C’è un equivoco che l’Italia farebbe bene a dissipare: l’ascesa geopolitica di Recep Tayyip Erdoğan non è un fenomeno “lontano”, confinato al Levante o alle sabbie della Siria. È una dinamica che tocca direttamente il Mediterraneo centrale, le rotte energetiche, i flussi migratori, gli equilibri di sicurezza che da Tripoli arrivano fino a Lampedusa.

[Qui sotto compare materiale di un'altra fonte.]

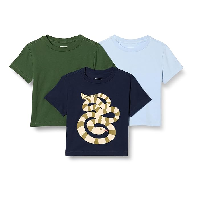 Amazon Essentials Boys' Cotton T-shirts, Pack of 3, Dark Olive/Light Blue/Snake, Medium
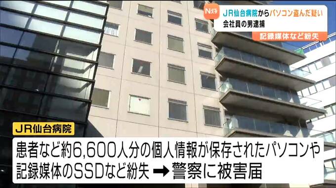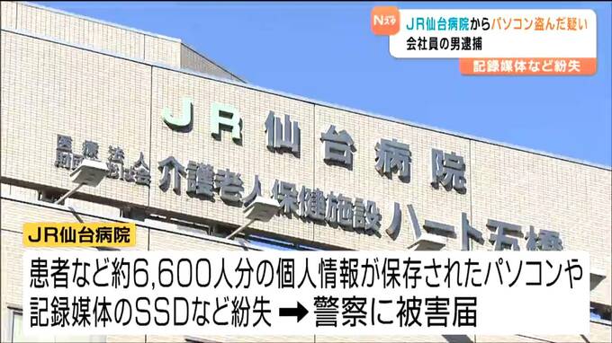 男は空調機器を管理する会社に勤めていて、JR仙台病院にも業務で出入りしていたということです。JR仙台病院は患者など約6600人分の個人情報が保存されたパソコンや記録媒体のSSDなどが紛失していて2月16日、警察に被害届を提出していました。
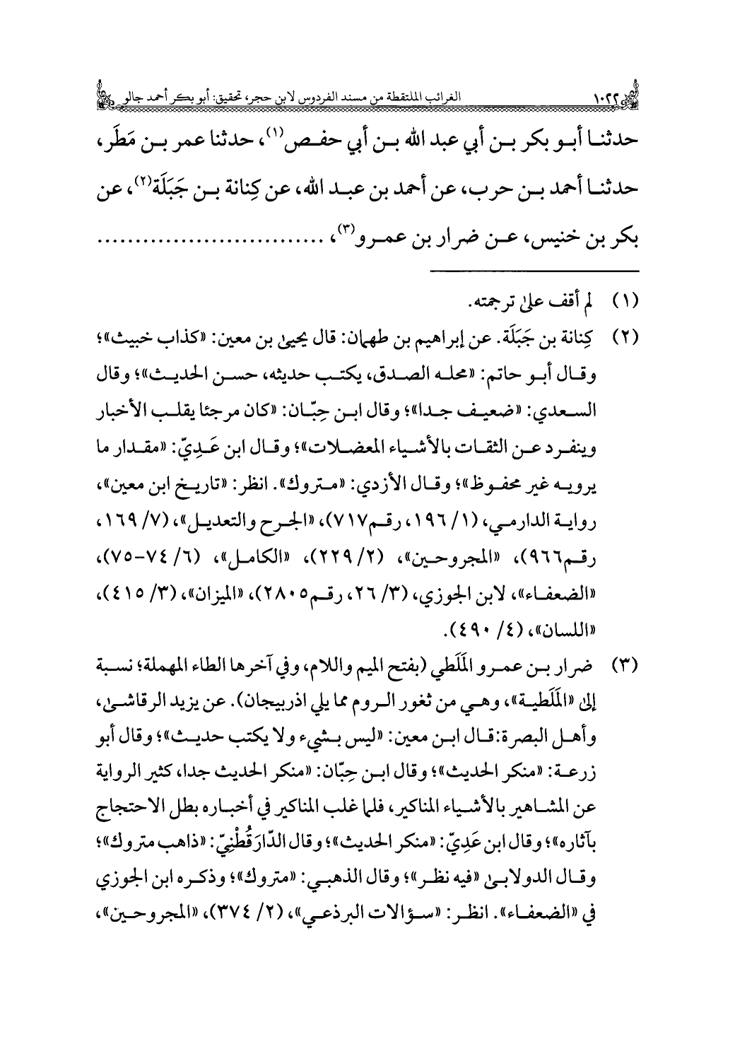 (¬٢) كِنانة بن جَبَلَة. عن إبراهيم بن طهمان: قال يحيى بن معين: "كذاب خبيث"؛ وقال أبو حاتم: "محله الصدق، يكتب حديثه، حسن الحديث"؛ وقال السعدي: "ضعيف جدًا"؛ وقال ابن حِبّان: "كان مرجئًا يقلب الأخبار وينفرد عن الثقات بالأشياء المعضلات"؛ وقال ابن عَدِيّ: "مقدار ما يرويه غير محفوظ"؛ وقال الأزدي: "متروك". انظر: "تاريخ ابن معين"، رواية الدارمي، (١/ ١٩٦، رقم ٧١٧)، "الجرح والتعديل"، (٧/ ١٦٩، رقم ٩٦٦)، "المجروحين"، (٢/ ٢٢٩)، "الكامل"، (٦/ ٧٤ - ٧٥)، "الضعفاء"، لابن الجوزي، (٣/ ٢٦، رقم ٢٨٠٥)، "الميزان"، (٣/ ٤١٥)، "اللسان"، (٤/ ٤٩٠).
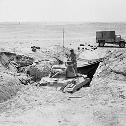 The British tank force consisted of the slow and heavily armed infantry tank, together with the faster and lighter cruiser tank. The cruiser tanks were intended to operate independently of the slow-moving infantry and their heavier infantry tanks. The British doctrine at the time did not foresee the armoured division having a role in its own right and was assigned the traditional cavalry role. They would then deploy independent tank brigades equipped with the infantry tanks to operate with the infantry.[5] German panzer and light divisions were equipped with the latest Panzer III and Panzer IV tanks, which could outgun all British tanks.[75] By 1942, American Grant and Lend-Lease Sherman tanks entered British service.
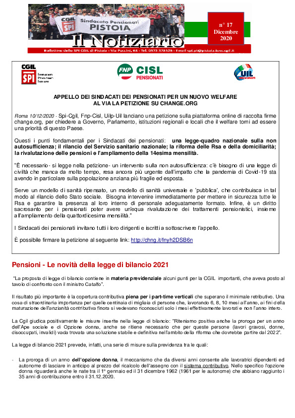 Notiziario SPI CGIL Pistoia anno XVII nr 17 del dicembre 2020
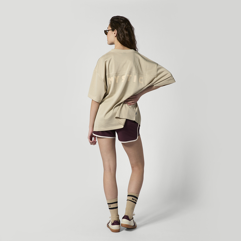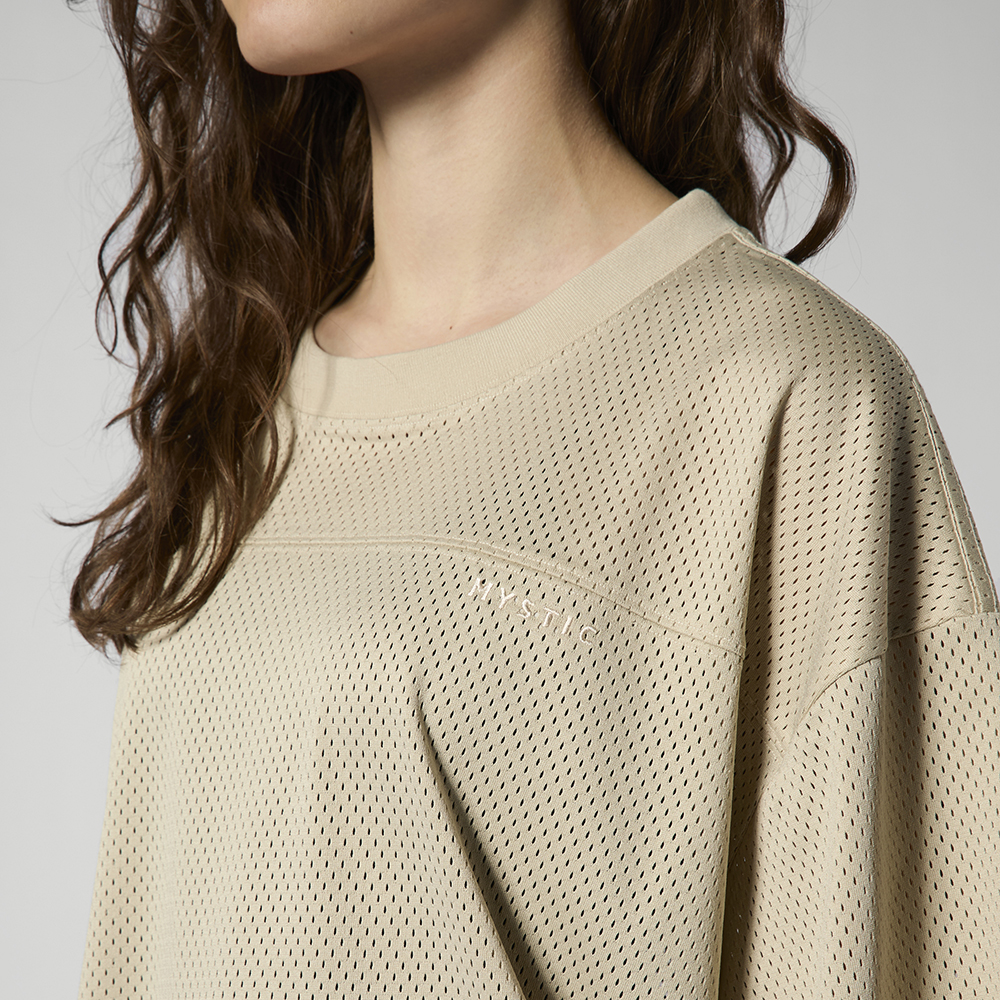 Relay T-Shirt Built on klassisch sports jersey design, the Relay Shirt brings a clean, oversized look in breathable mesh. Subtle Mystic branding across the back keeps it minimal und easy to wear on repeat. Material: 100 Recycled Polyester, Mesh Features: - Oversized fit - Mystic logo print at linke Brust - Mystic big logo print at back
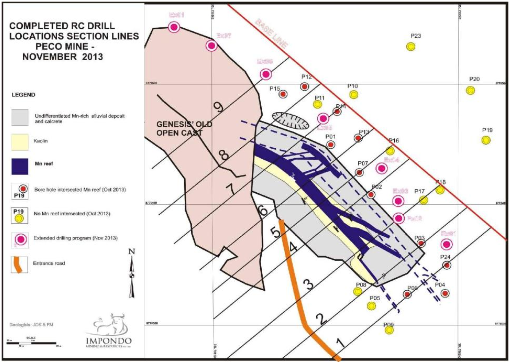 Phase 2 drilling was designed to test the reef alongside the northern boundary of the Open Pit.
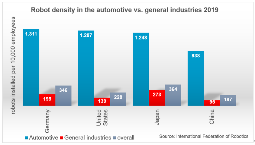 国际机器人联合会2021年3月16日在法兰克福报道,美国汽车工业的机器人密度达到每万名工人1287台,创历史新高,名列全球第七名,接近德国的1311台和日本的1248台。中国汽车工业的机器人密度是938台,目前在全世界排名为十二位。“自动化不仅对新冠疫情后经济复苏至关重要,也对后疫情时期的发展和进步起到关键作用。”国际机器人联合会主席Milton Guerry表示,“2008年金融危机后,通用汽车(General Motors)、福特(Ford)、菲亚特-克莱斯勒(Fiat-Chrysler)和特斯拉(Tesla)等公司在机器人和自动化领域进行了大量投资。结果,汽车工业创造了数千个新的就业机会。经过这么多年的发展,现在技术更加进步,我们完全有机会学习他们成功的经验,变得比以前更加强大。”
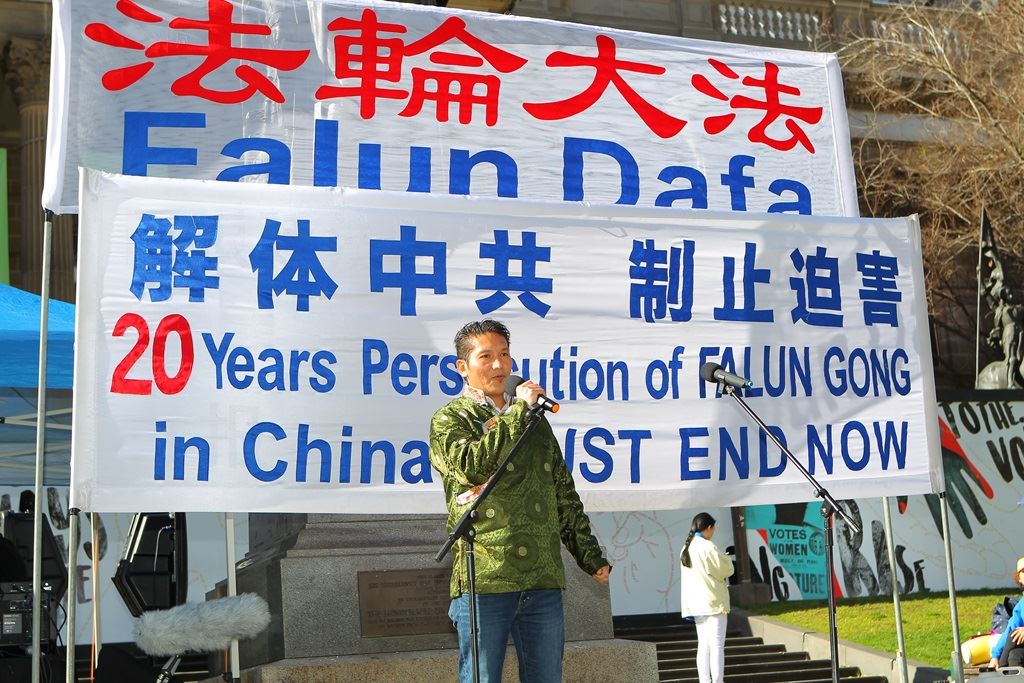 维州法轮大法学会会长樊慧强先生在集会中表示,中共对法轮功学员的迫害遍及全中国,数万人被判劳教、关进精神病院,受到强制洗脑等各种形式的迫害。“明慧网数据显示,在2019年上半年,超过两千名法轮功学员被捕,其中至少335人被判刑,此外,还有更多法轮功学员受到反复骚扰”。
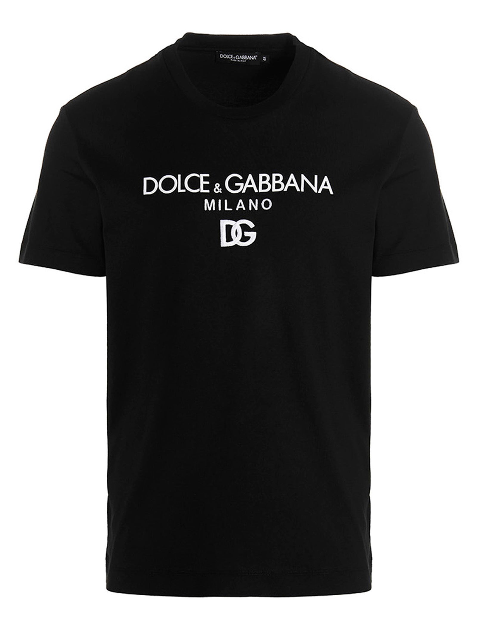Camiseta de algodón 'DG Essential ", camiseta de cuello tripulado con bordado delantero y un logotipo de Flocked, y mangas cortas.
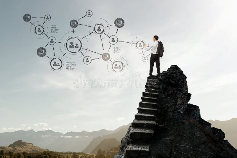Eu tenho um grande plano Meios mistos. Ideia traseira da estratégia do sucesso comercial do desenho do homem de negócios Meios mistos
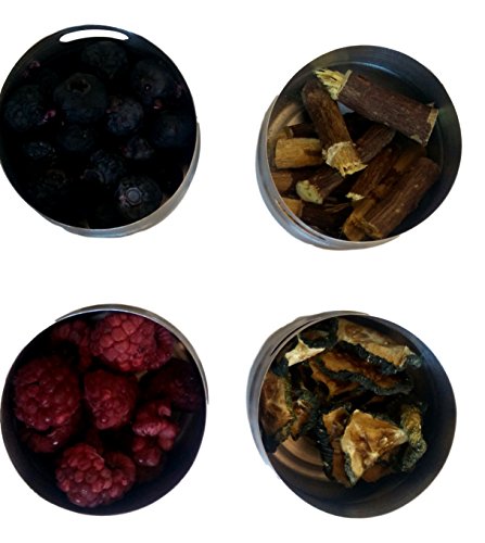 -. Feature : Gin Botanicals Spice Kit in stainless steel magnetic tins / Get 4 of your favorite gin botanicals in this practical and stylish holder / This gin botanical kit comes with freeze-dried raspberries, freeze-dried blueberries, freeze-dried cucumber and licorice sticks / Each gin spice comes in a convenient see-through tin with magnetic backing / The magnetic tins stays securely in place on any metal surface making them easy to get to, put away and keep organized
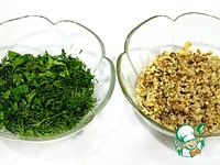 Зелень порезать мелко, орехи измельчить как можно мельче, чтобы не раздражали куски при употреблении. Я орехи тщательно измельчила с помощью скалки. |

Quando Erdoğan si presenta come l’artefice di una nuova centralità turca in Medio Oriente, non sta parlando solo ai suoi elettori. Sta parlando anche a Roma, ad Atene, a Nicosia, alle capitali europee che sul Mediterraneo hanno interessi vitali ma spesso una visione corta. La Turchia non cerca semplicemente influenza: cerca struttura, cerca di proporsi come perno ordinatore di un’area che va dal Caucaso alla Libia, passando per Siria, Iraq e Mar Rosso. Una Pax Turkica che, se mai vedesse la luce, ridisegnerebbe gli spazi in cui l’Italia storicamente ha esercitato un ruolo.

Dal punto di vista italiano, il punto non è se Erdoğan stia vincendo o perdendo la sua scommessa imperiale. Il punto è che la Turchia è ormai un attore sistemico, mentre l’Italia rischia di restare un attore reattivo. Ankara ha basi, accordi militari, leve energetiche, un’industria della difesa aggressiva e una diplomazia che non si vergogna di essere muscolare. Roma, invece, oscilla tra prudenza, moralismo intermittente e l’illusione che la stabilità possa essere delegata ad altri.

Il dossier libico è emblematico. La presenza turca a Tripoli non è un incidente, ma una scelta strategica di lungo periodo: sicurezza in cambio di influenza, accordi marittimi in cambio di protezione. Per l’Italia, che in Libia ha interessi energetici, migratori e di sicurezza diretta, il protagonismo turco è insieme un rischio e un dato di fatto con cui fare i conti. Ignorarlo significa accettare una marginalizzazione silenziosa.

Lo stesso vale per la Siria. Una Siria post-Assad sotto forte tutela turca cambierebbe gli equilibri del Levante e rafforzerebbe Ankara come interlocutore obbligato su dossier che toccano anche l’Europa: rifugiati, jihadismo residuale, corridoi energetici. Per l’Italia, che ha sempre sostenuto la necessità di una stabilizzazione inclusiva e multilaterale, il rischio è che la partita venga giocata altrove, con Washington, Ankara e Tel Aviv come veri tavoli decisionali.

C’è poi il nodo israelo-turco. La crescente rivalità tra Ankara e Tel Aviv introduce un fattore di instabilità che per l’Italia è tutt’altro che astratto. L’Italia ha rapporti solidi con Israele, relazioni economiche con la Turchia e una vocazione mediterranea che la espone agli effetti collaterali di ogni escalation. In questo scenario, limitarsi a “schierarsi” è miope: ciò che serve è capacità di mediazione credibile, fondata su una presenza reale e non solo dichiarata.

Infine, il dato strutturale: la Turchia di Erdoğan è forte militarmente ma fragile economicamente; ambiziosa strategicamente ma vulnerabile internamente. È proprio questa combinazione a renderla imprevedibile. Per l’Italia, questo significa una cosa sola: non si può costruire una politica mediterranea basata sull’attesa o sulla simpatia personale tra leader. Servono visione, continuità istituzionale, investimenti diplomatici e una chiara definizione dell’interesse nazionale.

Erdoğan sogna un ritorno dell’ordine ottomano. L’Italia non deve sognare il passato, ma ricordarsi di avere un futuro nel Mediterraneo. Se rinuncia a pensarsi come potenza regionale, qualcun altro riempirà lo spazio. E la Turchia, con o senza Erdoğan, ha già dimostrato di saperlo fare.